I hope, that is, for my own self‑esteem, that his Honour does not mean “elementary” in the sense of easy to understand or simple, but rather in what I might perhaps render by the word “elemental”, that it is of the essence or core or overall character of the notion of a Commonwealth that exclusion from its territory is a matter for its sovereignty as opposed to the continued, unlimited power of one of its component entities to control.
To that point, Nevada, having some other relevance than otherwise today, that his Honour then quotes from Mr Justice Miller in Crandall, the passage with which your Honour is familiar, and which contain, as has been put to me by Justice Gageler as the “cobbled” or “stitched‑together” aspect of some of our citation of authority and articulation of principle, it contains references to what are illustrations or examples of reasons why those aspects of being a nation, that is, with the seat of government, with offices, with functions to be administered, in an elementary sense, precluded the notion of one of the federal components, one of the, as it were, lesser or constituent polities purporting to prevent the exercise of that freedom.
KIEFEL CJ: Mr Walker, this case assists an understanding of section 92, particularly in the intercourse provisions limb, but I am having a little difficulty understanding what you derive from it for your argument.
MR WALKER: What we derive from it is that it is centrally concerned with movement and that the movement with which it is concerned is going to be movement throughout all parts of the territory, not just across borders.
KIEFEL CJ: But that points up this aspect of your argument, does it not? For your argument, you need to expand on what their Honours are discussing in terms of freedom of interstate movement. You have to actually expand section 92. That is quite different from an implication of cause.

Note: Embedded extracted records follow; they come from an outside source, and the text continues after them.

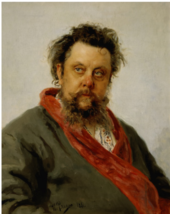
Ил. 11. И. Е. Репин (1844–1930). Портрет М. П. Мусоргского. 1881. Холст, масло. 71,8 × 58,5. Государственная Третьяковская галерея, Москва.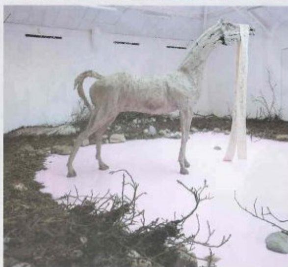
PETRIT HALILAJ Yes But the Sea is Attached to the Earth and It Never Floats Around in Space. The Stars Would Turn Off and What About My Planet? , 2014

Sentiment de fin du monde pour la belle exposition de ce jeune espoir venu du Kosovo, l'une des meilleures qui aient eu lieu en galerie pendant la Fiac : après sa vision désespérée du Muséum d'histoire naturelle muré de sa ville natale, qu'il a reconstruit l'an passé, Petrit Halilaj compose un double paysage très prégnant. Passé un buisson d'ocarinas, instrument de musique ancestral qui remonte au néolithique, le visiteur pénètre une forêt à terre, que domine un cheval glauque sur un étang d'un rose intense. Le tout sous une lumière fade qui renforce l'inquiétante étrangeté de l'ensemble.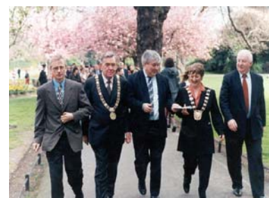
"Rainbow Walking Challenge"活動

此活動鼓勵人們藉由走路發展出動態生活方式。"彩虹" (Rainbow) 一字意指參與者遵循按照其年齡及運動能力分類的五色編碼的計劃。此活動於西元 1991 年舉辦並且有數千人參與在 Phoenix 公園、Malahide 城堡等的 Walk Festivals。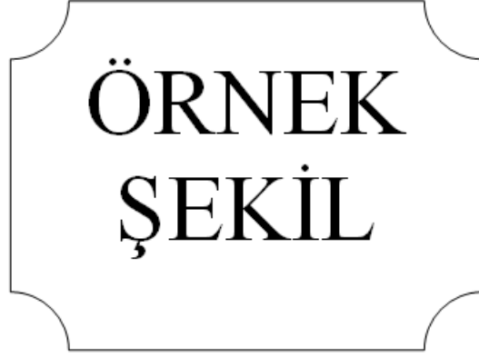
Şekil 5.1 : Beşinci Bölümde Örnek Şekil

This indicates that the ANN is accurate at base flow and flow height values lower than 3 m.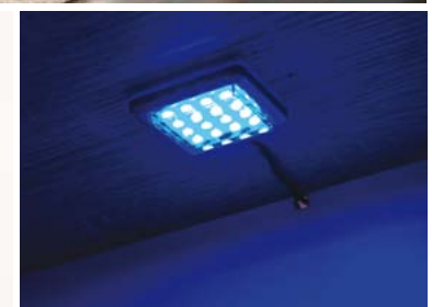
Opcjonalne podświetlenie LED do szafek i witryn wiszących.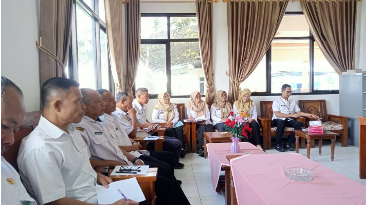
FOTO DOKUMEN RAPAT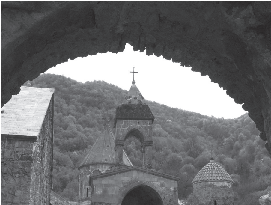
Старовинний монастир Дадиванк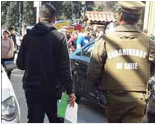
Carabineros lograron evitar una tragedia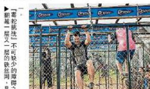
▲“毒蛇挑戰”不可缺少的障礙之一，翻越一層又一層的繩索網。

▲參賽者臥虎藏龍 前 來征戰“毒蛇挑戰”的參賽者們可說是虎虎威風，許多人不但过关斬將，有些不到两个小时就抵達終點！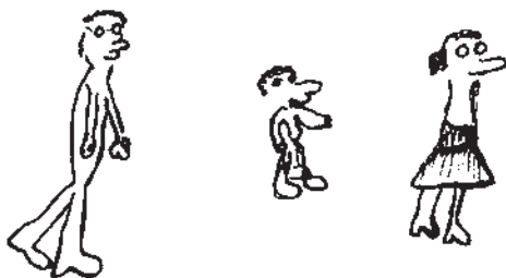
Obr. 5a. Vnitřní protest desítiletého chlapce proti rozvodu rodičů.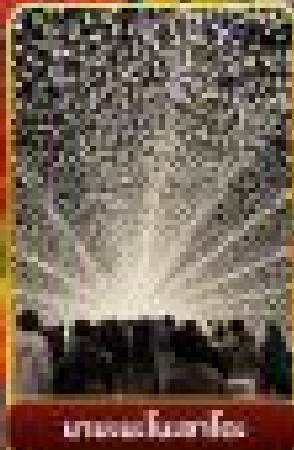
มาบะระโนะฮะโตะ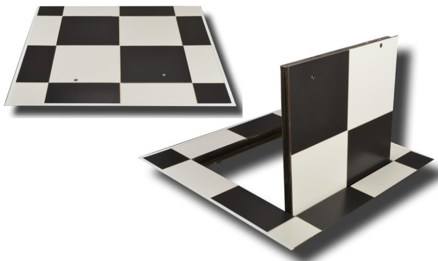
Схема монтажа люка и укладки плитки на люк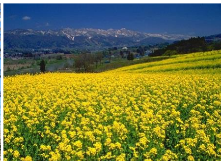
飯山菜の花公園 5.1km 車で9分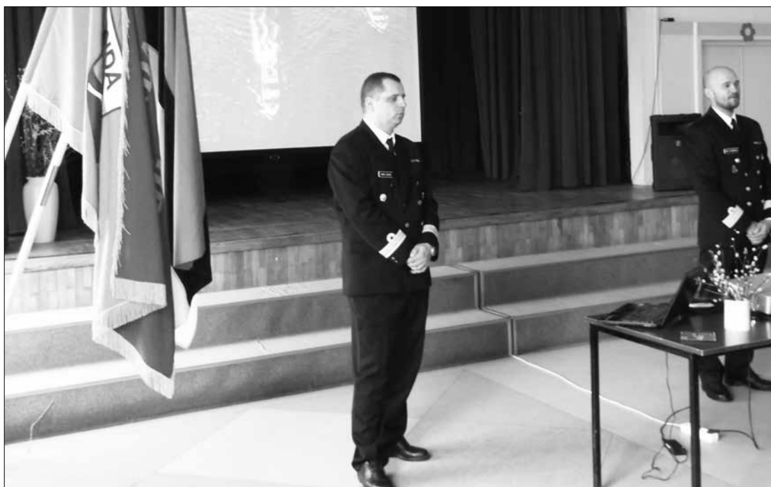
Офицеры корабля-побратима провели урок защиты Отечества.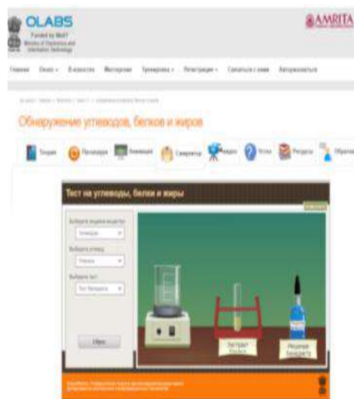
Сурет 4 – Виртуалды зертхана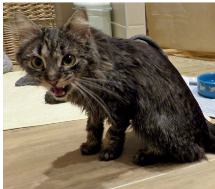
24 feb 2020 - 10 dagen in behandeling. 10 e portie capsules achter de kiezen...

Aanvankelijk durfde ik letterlijk mijn ogen niet te geloven toen ik zag hoe Pebbles vanaf de eerste behandeldag al opknapt. Amper twaalf uur na de eerste dosis medicijn liep ze weer met iets rechttere poten. Eerst dacht ik dat ik het niet goed zag, dat ik alleen maar zag wat ik wilde zien. Pas toen Pebbles even later heel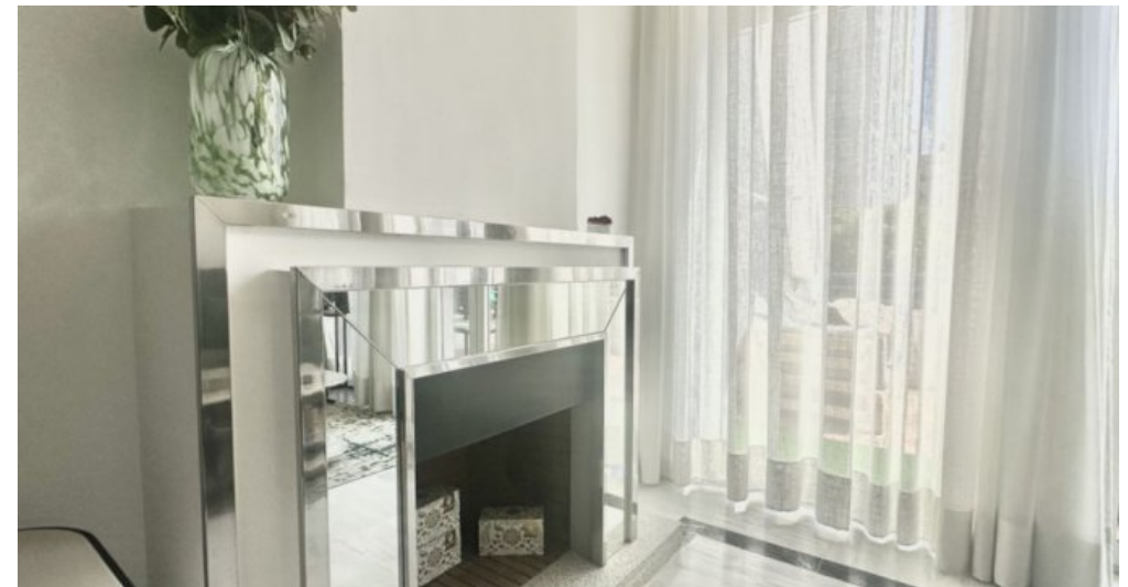
Zu Verkaufen: Appartement in Marbella am Strand der Costa del Sol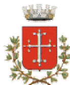
Comune di Pisa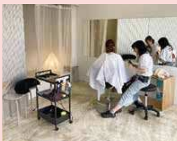
美容室「immi」7月15日より営業スタート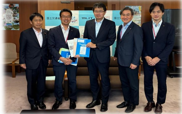
国土交通省へ要望活動

さらに、沿線企業から寄せられた「早く使いたい！」という期待の声も届け、令和8年度の部分開通と早期の全線開通に向けた機運がますます高まっています。

MR WALKER: No, I accept your Honour’s stricture. I do not want to expand section 92. We call in aid section 92, of course. Upon the federation of colonies, something had to be done about the status of what continued to be boundaries, what continued to be, according to the then understanding, lines which would affect the efficacy in some cases of, indeed, probably what the understanding at the time was in all the cases of so‑called inferior legislatures would be a line marking the efficacy or operation of laws.
KIEFEL CJ: But does not the fact that the Constitution expressly provides for specific movement interstate and for a very general purpose on one hand, and trade and commerce on the other, but the fact that it expressly provides for interstate movement and not intrastate movement somewhat limits the potential for an implication?
MR WALKER: No. I know we have to confront that. I tried to answer an aspect of your Honours’ concern when Justice Edelman asked me the question in the course of answering which I referred to what we would submit is the insufficiency of anything in the nature of an expressio unius way of repelling the implication. Can I try and elaborate that point. We accept its importance, with great respect.
Controlling crossing a border is controlling movement. Denying the States or, if it matters, the Commonwealth, the power to control movement, intercourse or trade and commerce across a border does not, in our submission, preclude an understanding of the pre‑existing true common law state of affairs in colonial times made necessary by the text which federated the colonies into one nation with one representative Commonwealth Parliament and a structure that involved provisions providing for what I will call a national economy, so trade and commerce regulation, tax and the like.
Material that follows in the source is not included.